━━━ THE DATA
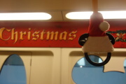 意外と早く帰れました。ディズニーリゾートラインはクリスマスで彩られており、つり革も帽子を
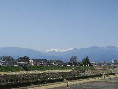 御勅使川の土手 (奥に南アルプスの雪山が見えます) |
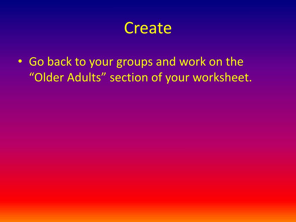 Create • Go back to your groups and work on the “Older Adults” section of your worksheet.
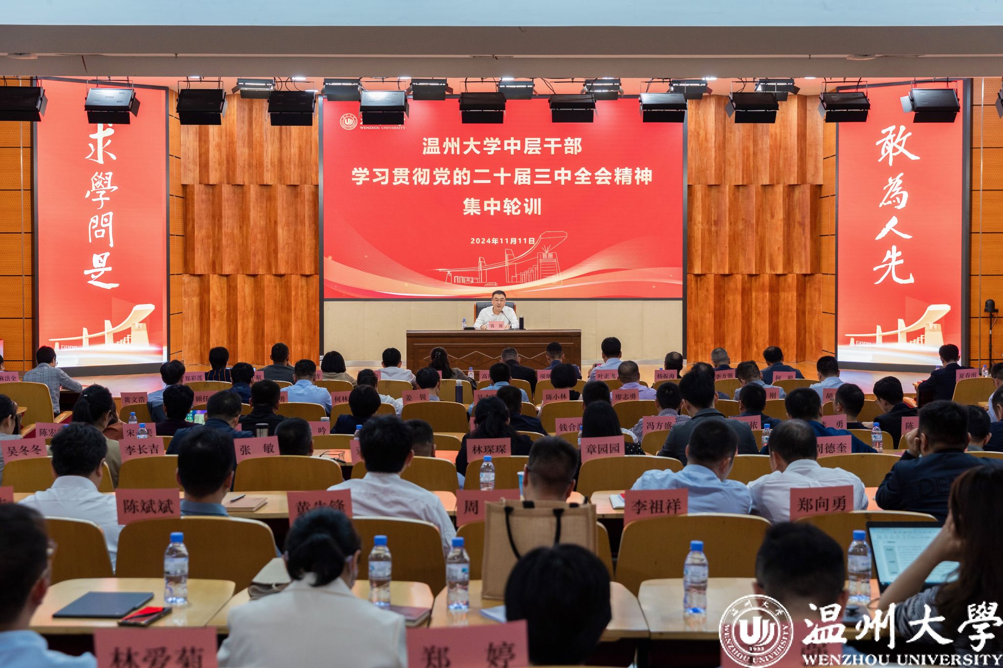 11月11日下午,sunbet申愽官网中层干部学习贯彻党的二十届三中全会精神集中轮训班在sunbet申愽岩松堂雁山厅开班。校党委书记钱强主持开班式并作专题辅导。
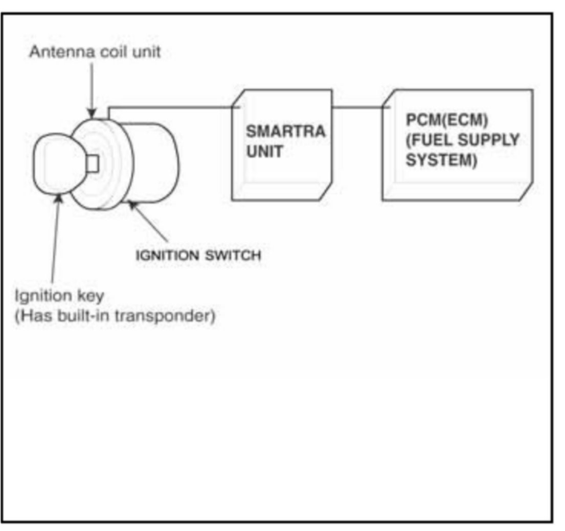 ^ The SMARTRA system consists of a transponder located in the ignition key, an antenna coil, a SMARTRA unit, an indicator light, and the PCM (ECM).
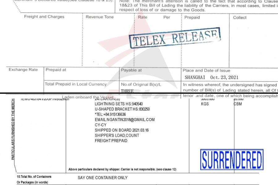 Một số dòng cho phép phát hành telex dựa vào thỏa thuận hoặc lệnh vận đơn. Nó căn cứ vào các vận đơn gốc đã được xác minh ở vận đơn.
━━━━━━
* [ABOUT THIS EXERCISE]:
Starting with the line that contains "11月11日下午,sunbe", repeat each line exactly through the last line of the data above, and nothing more; the pictures stay out.

* [RESULT OF THIS EXERCISE]:
 11月11日下午,sunbet申愽官网中层干部学习贯彻党的二十届三中全会精神集中轮训班在sunbet申愽岩松堂雁山厅开班。校党委书记钱强主持开班式并作专题辅导。
 ^ The SMARTRA system consists of a transponder located in the ignition key, an antenna coil, a SMARTRA unit, an indicator light, and the PCM (ECM).
 Một số dòng cho phép phát hành telex dựa vào thỏa thuận hoặc lệnh vận đơn. Nó căn cứ vào các vận đơn gốc đã được xác minh ở vận đơn.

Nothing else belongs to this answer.